A question I’ve unfortunately not always answered in with the affirmative.
In the past, I’ve made two of the biggest happiness-annihilating relationship blunders:
1. I’ve compromised my virtues, not my vices. Compromise is at the foundation of any relationship, but in a good relationship, you should only compromise on your bad habits, never your good ones.
2. I’ve viewed my lover’s vices as virtues. This one is tricky, especially for those of us perpetual optimists who try to find the best in every situation. Still, I’ve found myself not just forgiving my lover for his imperfections, I’ve actually turned them into something positive, for example: He’s so grounded, I really need someone to anchor me and stop me from chasing all of my crazy dreams. Ugh. I hate that I really said that.
I’m not rushing into love again. I’m holding out. Call me a fool (or some twisted romantic) I’m holding out for honesty.

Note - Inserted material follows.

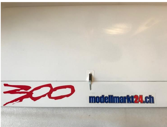
Fertiger Einbau Flügeloberseite

Damit es schön aussieht, habe ich die Öffnungen beim Clip mit passend geschnittener Selbstklebefolie weiss umrandet.

I don’t want perfection – no snowflake lover for this girl. So go ahead, tell me how wrong we are for each other, how much it doesn’t make sense for us to feel this attraction, but we can’t deny it’s presence. Tell me how you didn’t see it coming. How it’s the wrong place, wrong time, and there is no way I fit into your plans, because I doubt you fit into mine.
Tell me I am crazy. That my life is a mess and I need to seriously reconsider how I manage my finances. Tell me I suck at being domestic and can’t make a frozen pizza without burning myself. Tell me I am bossy and flaky and drive around with my foot on the clutch. Tell me I’m never on time and the only reason I think I have a good sense of direction is because I never really care when or if I reach a specific destination. Tell me I drink too much and swear like a sailor and never keep my phone on or return calls. Tell me I make you crazy, but you are addicted to my coffee and cherry lip-gloss flavored kisses. Tell me I hog the bathroom and hog the covers. Tell me I spend way too much money on organic vegan lotions, but you can’t stop touching me. Tell me you can’t stand to live with me, but you don’t even remember how to live without me anymore.
Just don’t tell me I have pretty eyes. I hate cliches. Everyone has pretty eyes.